Which vaccine is deemed "successful" first matters. No matter which candidate proves successful, global vaccine manufacturing for a fundamentally new cocktail is unlikely to be able to generate more than 100 million doses in calendar year 2020, with an additional one billion to two billion in 2021. If the "winning" mix requires two doses or biannual injections, cut the number of people who can be immunized in half. If it requires two doses and biannual injections, then by the end of 2021 there might not even be enough doses for all American citizens. To maximize their chances of getting what they need, the Americans have thrown $1 billion plus at each of the three lead candidates, complete with pending orders for at least 100 million doses.
That's smart, but it hardly guarantees success – and the stakes are high. For one, the United States has not only failed to eradicate the novel coronavirus, it has largely failed at even the most basic of mitigation measures. We've collectively placed all our chips on securing a vaccine.
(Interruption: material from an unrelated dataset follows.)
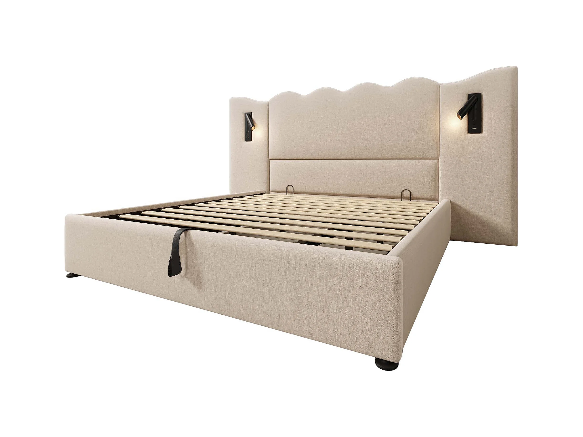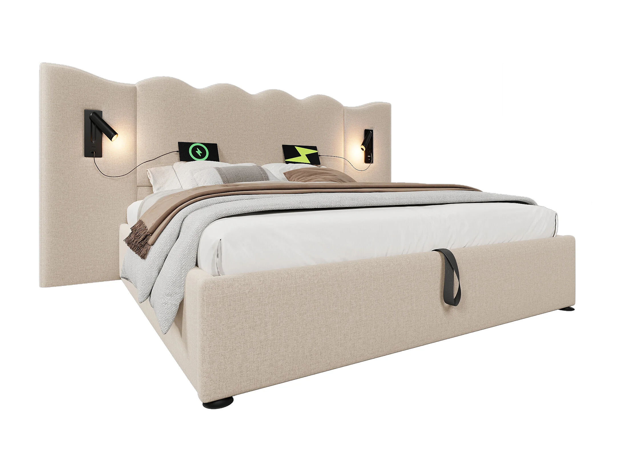 Letto contenitore 180x200 cm - con testiera, porte USB/Type-C, rete a doghe - lino - beige - materasso non incluso
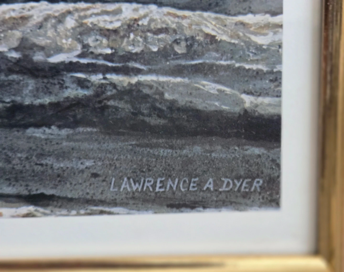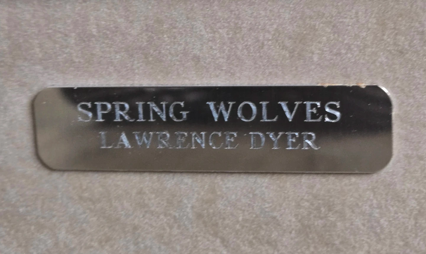 Beautifully Framed art print titled "Spring Wolves" by Lawrence A. Dyer 1989.The artwork depicts three wolves in a forest setting. Includes a plaque with the title and artist's name. It's a beautiful piece for any nature enthusiast's home.

For two, not all doses of the "winning" formula will be produced in the United States, and other countries will want doses for their own people. The United Kingdom is a biotech leader who isn't faring much better than the United States. The Germans are biotech leaders...and health nuts. Should doses be produced in India or China or Brazil, do you really think New Delhi or Beijing or Brasilia will prioritize shipments to the United States? Would you want them to??
So yes, we'll likely identify something "successful" at some point in the fourth quarter of 2020, but add in the time lags for manufacturing and distribution, and the almost-certainty that Americans will have to share some doses with other nations, and the absolute most optimistic schedule possible for achieving mass inoculation of the American population won't be until at least April 2021.